Next we use the rnorm() function in R to sample 1000 data points from a theoretical normal distribution with a mean of 2 and a standard deviation of 1.2. Using set.seed(99) allows you to sample the same data. Notice the sample mean and standard deviation are close to the “true” values used in the rnorm() function.
set.seed(99)
y <- rnorm(n = 1000, mean = 2, sd = 1.2)
mean(y)
[1] 1.971083
sd(y)
[1] 1.22742
Another way to estimate the sample mean and standard deviation is using a generalized linear model. This is not necessary or recommended, but we’ll use this as a way to present gamma regression.
To estimate the mean and standard deviation of our sample we can fit an intercept-only model with glm().
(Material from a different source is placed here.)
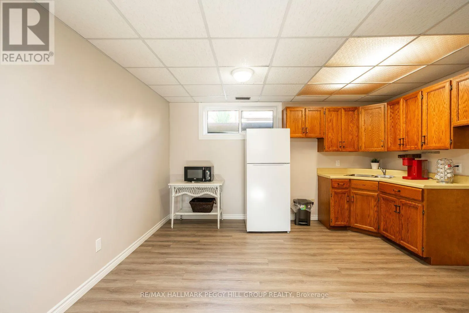 Cross Streets: Queen St E/Bertram Dr. ** Directions: Yonge St S/Queen St E/Bertram Dr. SMALL-TOWN LIVING WITH BIG UPGRADES & IN-LAW SUITE POTENTIAL! Set on a desirable corner lot, this raised bungalow catches the eye with its timeless all-brick exterior, recently updated Garaga garage doors, upgraded windows, and a stamped concrete walkway leading to a newer front door with sidelights that create an inviting entrance. The breezeway connecting the garage to the home is a standout feature, boasting updated sliding doors at both ends, a cozy seating area, and direct access to the basement. The backyard feels like your own getaway, complete with a hot tub, updated deck, stamped concrete walkway and patio, colourful gardens, and a fenced yard, ready for both entertaining and quiet evenings. The kitchen is bright and stylish, featuring white shaker cabinets, quartz counters, a subway tile backsplash, a large center island, and updated stainless steel appliances, including a stove with a built-in air fryer, which flows into an open dining and living area filled with natural light and a walkout to the deck. The main level has been refreshed with updated flooring, interior doors, fresh paint, a newer washer and dryer, and an updated bathroom. The versatile walk-up basement is designed for extended family living, complete with its own kitchen, a spacious rec room with a gas fireplace, a bedroom, and a 4-piece bath. All of this is within walking distance of elementary and secondary schools, parks, a grocery store, an LCBO, restaurants, an excellent local bakery, and more. A move-in ready #HomeToStay with plenty of updates, versatile living spaces, and the ease of small-town living with everything you need just steps away! (id:27476)

To fit an intercept-only model, we use the syntax y ~ 1. Since we want to model the data as if it came from a normal distribution, we set family = gaussian(link = "identity"). (Gaussian is another name for the normal distribution.) The link = "identity" portion means do not transform the results. We save the model as m1 and save the summary of the model as s1.
m1 <- glm(y ~ 1, family = gaussian(link = "identity"))
s1 <- summary(m1)
s1
Call:
glm(formula = y ~ 1, family = gaussian(link = "identity"))
Deviance Residuals:
Min 1Q Median 3Q Max
-3.6775 -0.8354 -0.0410 0.8674 4.3411
Coefficients:
Estimate Std. Error t value Pr(>|t|)
(Intercept) 1.97108 0.03881 50.78 <2e-16 ***
---
Signif. codes: 0 '***' 0.001 '**' 0.01 '*' 0.05 '.' 0.1 ' ' 1
(Dispersion parameter for gaussian family taken to be 1.506559)
Null deviance: 1505.1 on 999 degrees of freedom
Residual deviance: 1505.1 on 999 degrees of freedom
AIC: 3250.7
Number of Fisher Scoring iterations: 2
Notice the intercept is simply the estimated mean of the data, 1.97108, which matches what we calculated using the mean() function above. The “dispersion parameter” is the estimated variance of the data, 1.506559. The square root of the dispersion parameter is the estimated standard deviation, 1.22742, which matches what we calculated using the sd() function above. We can extract the dispersion parameter from our summary object using s1$dispersion.
sqrt(s1$dispersion)
[1] 1.22742
The residual deviance is the sum of the squared residuals.
sum(residuals(m1)^2)
[1] 1505.052
If we divide the residual deviance by the degrees of freedom we also get the estimated variance/dispersion parameter. (Degrees of freedom is the number of observations minus the number of estimated coefficients. In this case, that’s 1000 - 1 = 999, since we only estimated one coefficient, the intercept.)
sum(residuals(m1)^2)/m1$df.residual
[1] 1.506559
Now let’s learn about the gamma distribution. Whereas the normal distribution has parameters called the mean and standard deviation, the gamma distribution has parameters called shape and scale. The R documentation uses \(\alpha\) (alpha) to represent the shape parameter and \(\sigma\) (sigma) to represent the scale parameter. We can plot a gamma distribution using the dgamma() function and sample from it using the rgamma() function. Both functions have arguments called shape and scale.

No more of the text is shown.